Go through the listing below and retype exactly the lines starting at the one with "The second years" and ending at the one with "新款数码印花90方巾丝毛质感丝巾双面头巾保暖亲肤女装饰围巾", skipping pictures.

PROVIDED MATERIAL —

Content starts

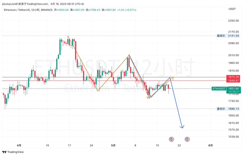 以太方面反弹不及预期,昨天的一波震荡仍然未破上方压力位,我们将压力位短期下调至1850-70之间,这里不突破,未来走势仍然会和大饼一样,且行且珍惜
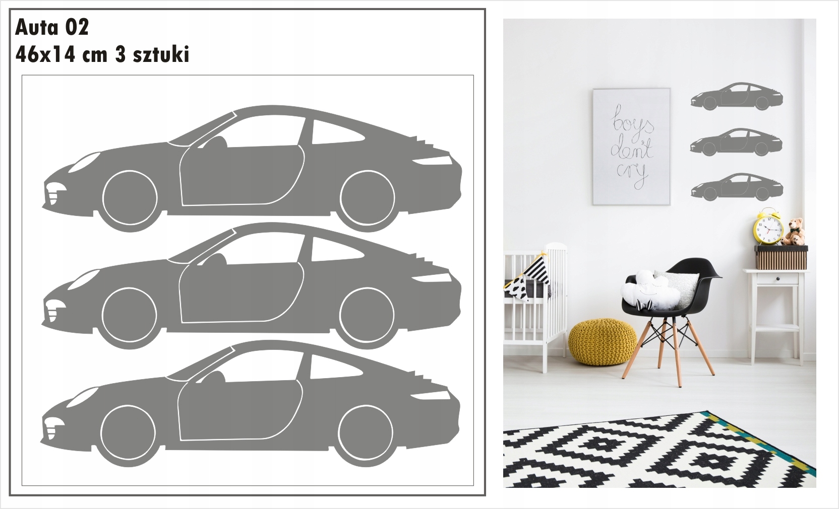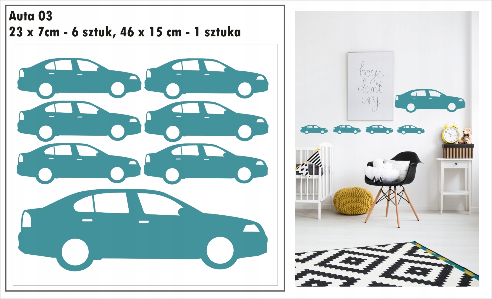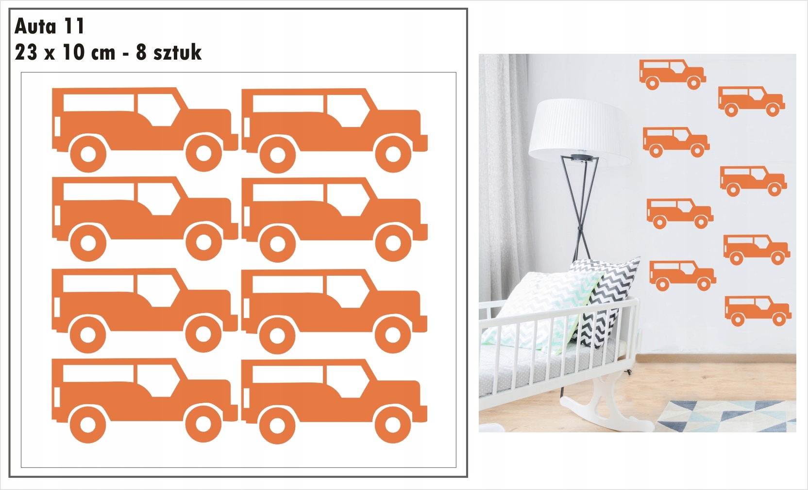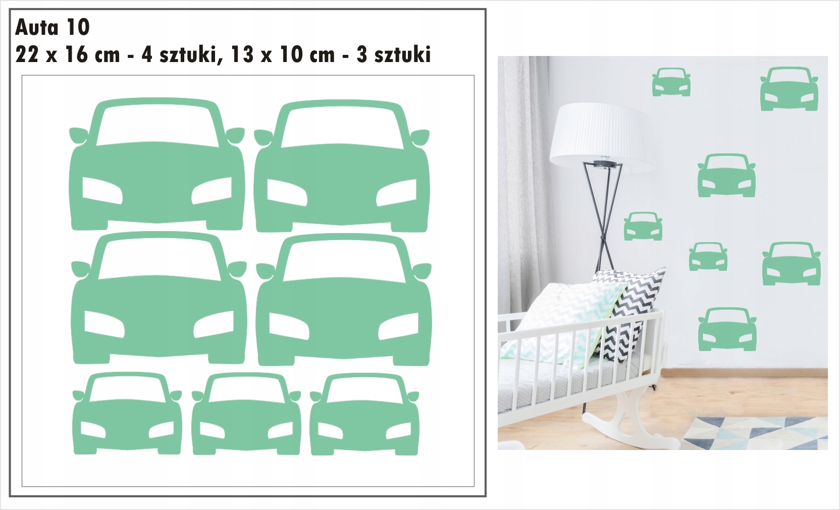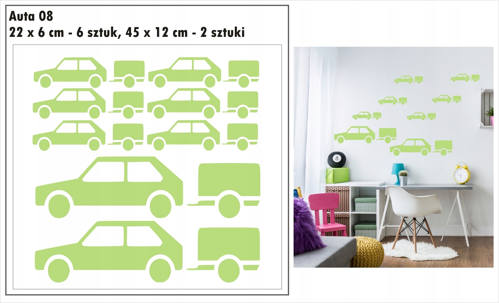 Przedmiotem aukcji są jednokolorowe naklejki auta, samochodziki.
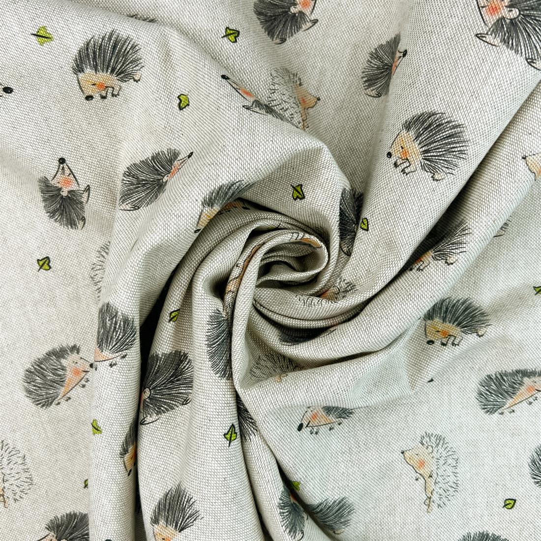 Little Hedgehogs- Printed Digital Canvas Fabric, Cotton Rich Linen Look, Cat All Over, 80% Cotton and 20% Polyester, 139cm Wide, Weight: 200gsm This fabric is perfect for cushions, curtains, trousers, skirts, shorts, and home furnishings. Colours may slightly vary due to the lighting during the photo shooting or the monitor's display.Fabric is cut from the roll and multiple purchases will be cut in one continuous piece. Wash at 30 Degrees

Content ends
Content starts

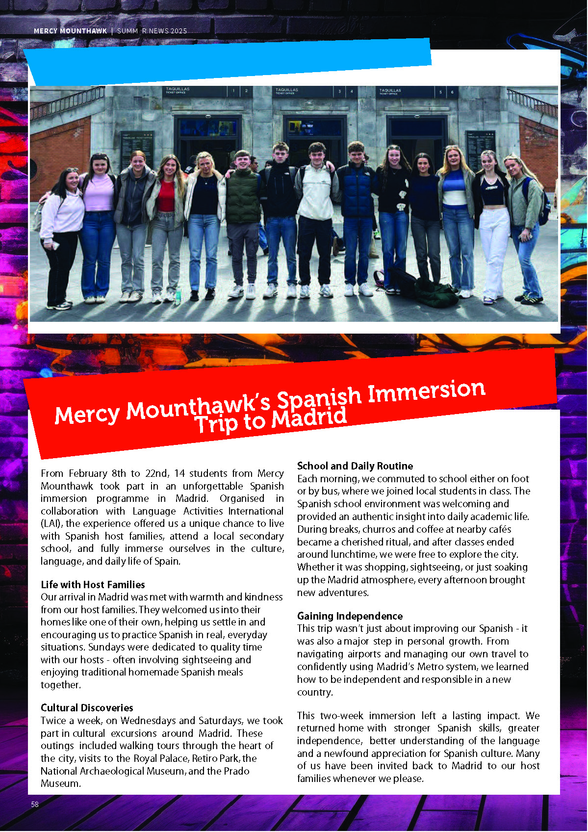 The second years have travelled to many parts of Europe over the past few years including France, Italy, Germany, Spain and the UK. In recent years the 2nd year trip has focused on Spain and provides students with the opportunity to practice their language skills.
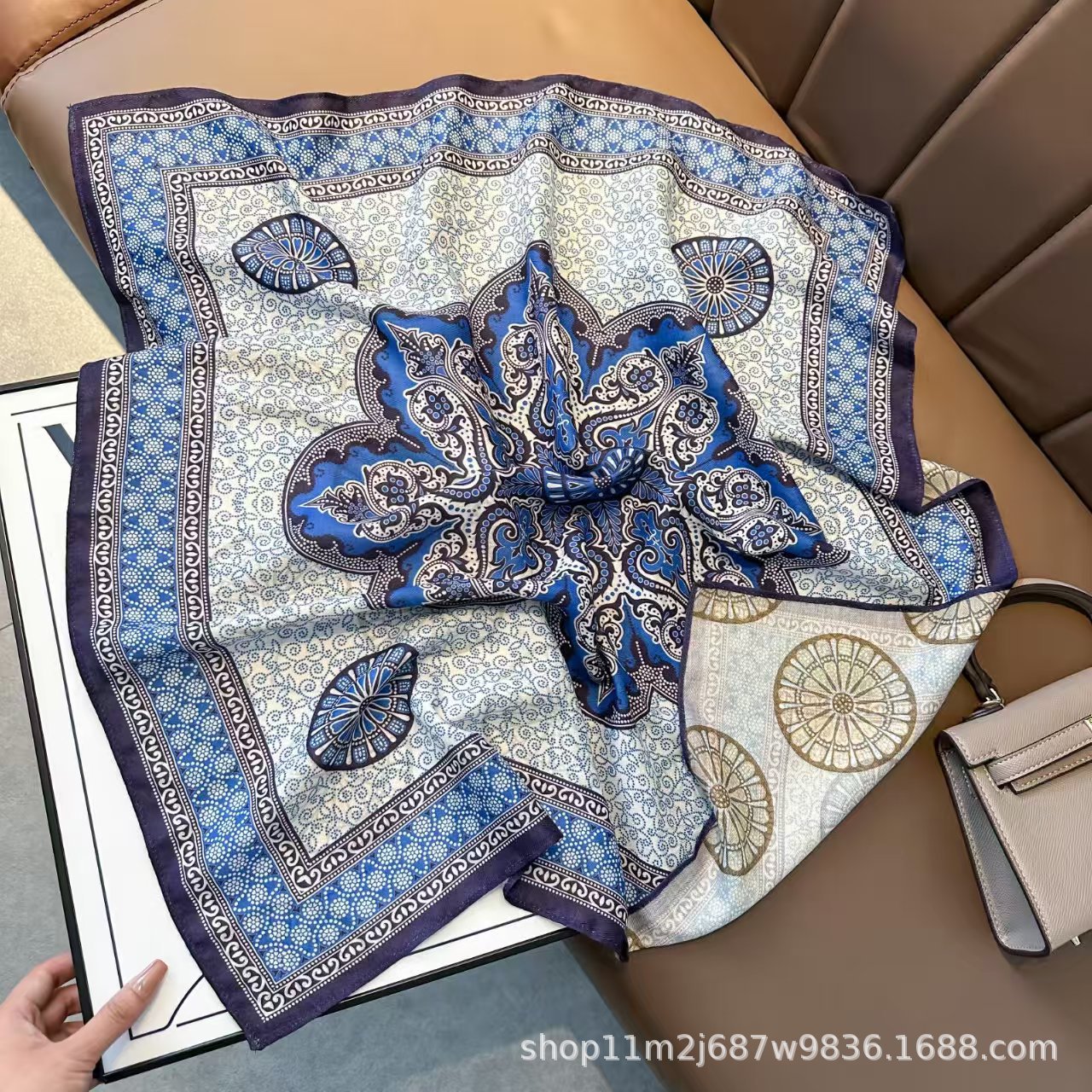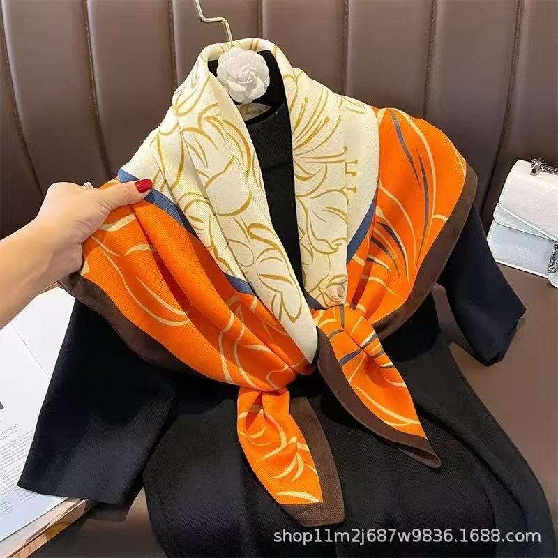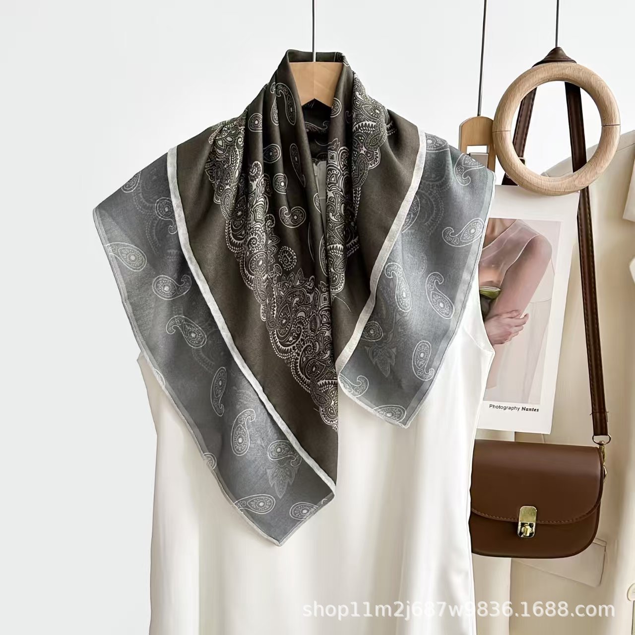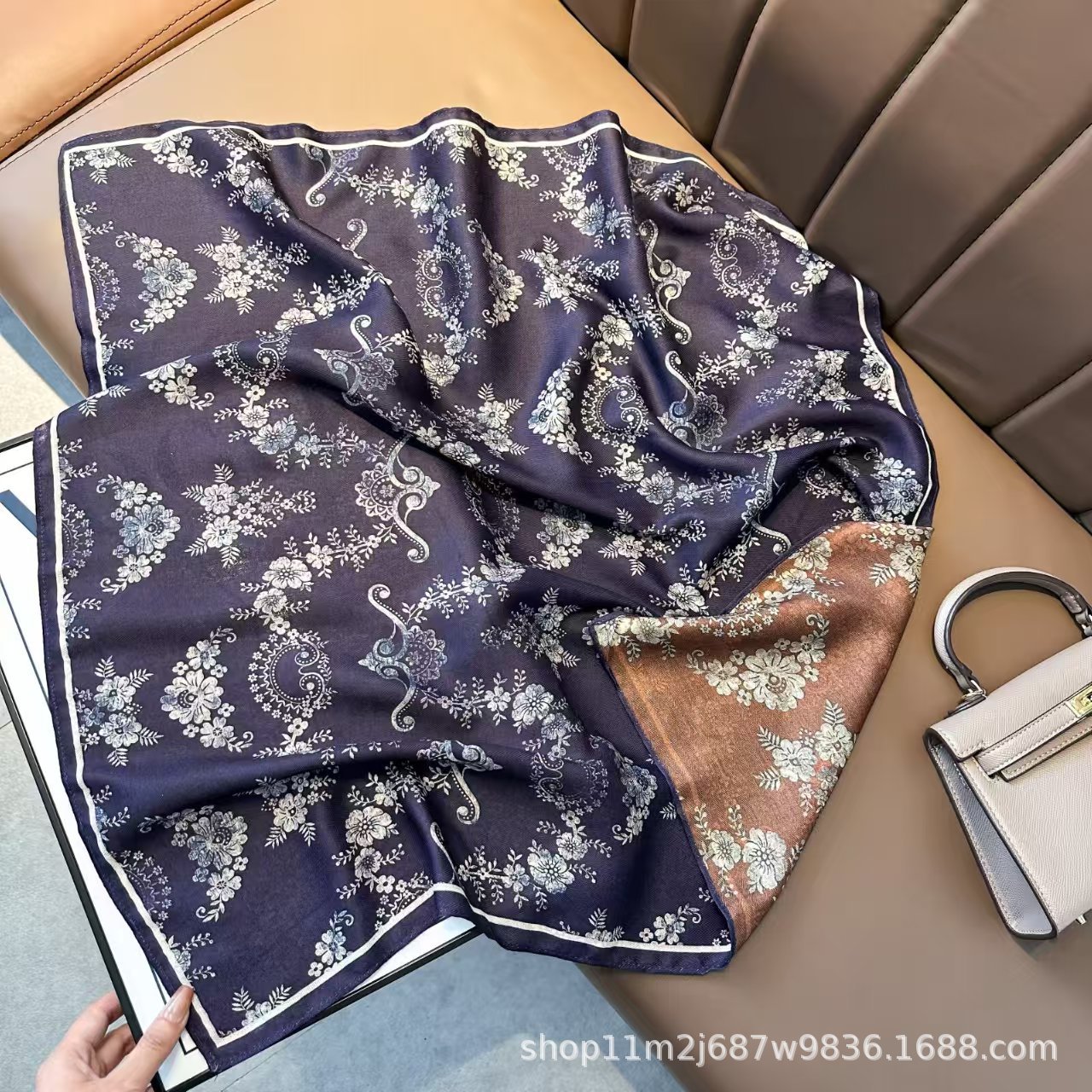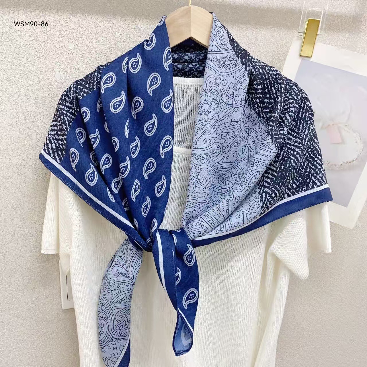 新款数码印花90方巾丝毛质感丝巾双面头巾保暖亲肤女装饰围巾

Content ends
Content starts

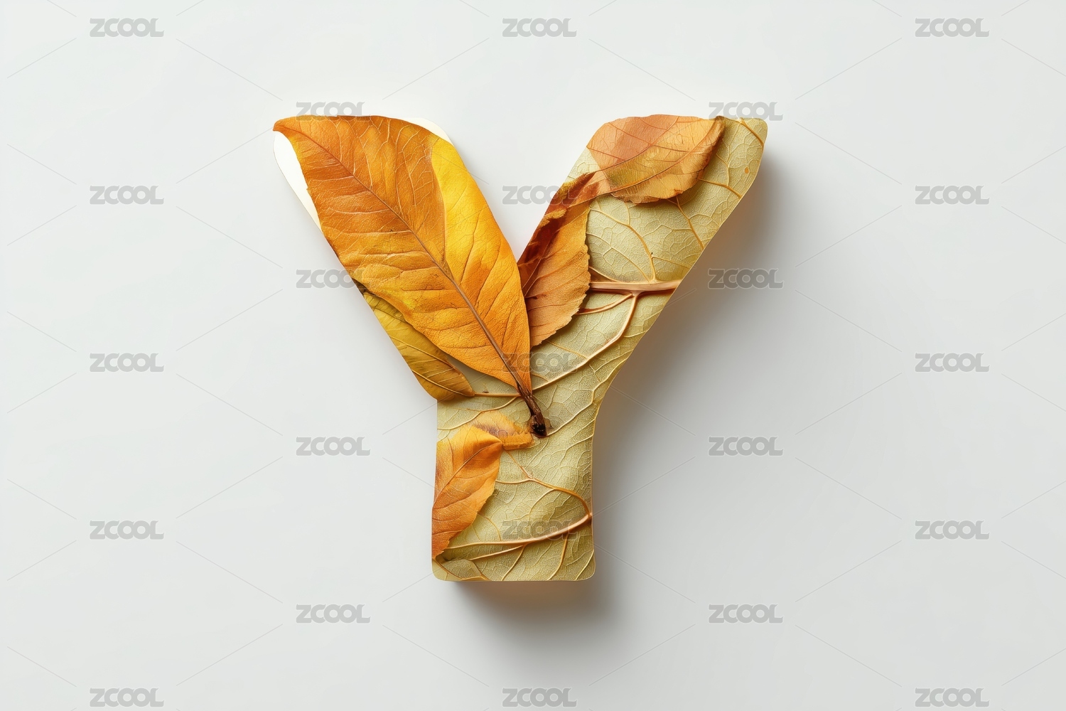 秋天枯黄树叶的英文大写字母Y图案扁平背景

Content ends

EXERCISE ANSWER —
 The second years have travelled to many parts of Europe over the past few years including France, Italy, Germany, Spain and the UK. In recent years the 2nd year trip has focused on Spain and provides students with the opportunity to practice their language skills.
 新款数码印花90方巾丝毛质感丝巾双面头巾保暖亲肤女装饰围巾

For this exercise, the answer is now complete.